Era e não era uma vez esse homem chamado Georges. Em um de seus programas, ele teria entrevistado a escritora nigeriana Chimamanda Ngozi Adichie, que na ocasião discorreu sobre o que ela gostava de chamar de “o perigo da história única”. Para Adichie, incrível lhe parecia que mesmo ter bebido cerveja de ginja ou ter visto neve, a leitora e escritora precoce, ainda aos sete anos de idade, reproduzia em suas primeiras histórias os personagens das histórias que lia – homens mui brancos, a comer maçã e relatar a felicidade por terem luz solar. Adichie nunca havia saído da Nigéria. Não teria visto neve, entre outras coisas com as quais não podia nunca se identificar. Assim, concluiu o quão vulneráveis são os seres humanos face a uma história, especialmente as crianças.

Há um capítulo da história que narra a hostilidade entre franceses e argelinos. Todo ato cometido contra os franceses durante a Guerra da Argélia por independência, proclamada em 1962, foi considerado violento ou terrorista. Caché nos faz retomar as raízes do conflito atual, que possivelmente estão na guerra colonial. Os estereótipos contra imigrantes argelinos, hoje arraigados na cultura ocidenal, especialmente nos países europeus, foram criados na época colonial. Os argelinos foram, em várias ocasiões, considerados pelos franceses os culpados por infortúnios, como, por exemplo, a falta de emprego. Gentalha.

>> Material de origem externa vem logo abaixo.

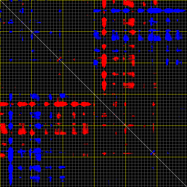 This matrix displays the maximum distance fluctuations between all pairs of CA atoms and between the two extreme conformations that were computed for this mode (DQMIN/DQMAX). Distance increases are plotted in blue and decreases in red for the strongest 10% of the residue pair distance changes. Every pixel corresponds to a single residue. Grey lines are drawn every 10 residues, yellow lines every 100 residues (counting from the upper left corner).

Depois de comer logo, antes mesmo que a comida esfriasse, Georges seguiu até a sala, onde, rodeado por livros, encontrou o responsável por aquela situação. Ele acende e não acende a luz e abre e não abre livro mais próximo em uma página qualquer. Há livros por toda a parte. Atrás da mesa, atrás de televisão... Há um livro escondido. Georges Laurent é um homem du siècle – tem medo.

O escuso livro conta-nos a história de Majid, o menino argelino amaldiçoado. Ele é adotado por uma família francesa depois de perder os pais - mortos violentamente em uma praça parisiense. Majid, um menino de tristes olhos argelinos, tem como missão vir de encontro ao leitor como se fosse um homem-bomba, como se fosse uma imagem paranóica, um gargalo da humanidade, o inocente eleito culpado, um mártir. Na infância, Georges, o filho de sangue francês, disse ao pai que Majid-orfão tossia e expelia sangue. Ele pediu ao pai que o menino matasse o galo e depois foi mandado para um orfanado. Com o passar dos anos Majid, o escuso, tornou-se vermelho demais para ser visto em público e saiu escorrendo pela casa até grudar-se no chão, junto a poeira, reduzido a nada, como uma brincadeira de mau gosto que não deveria ter feito com os outros.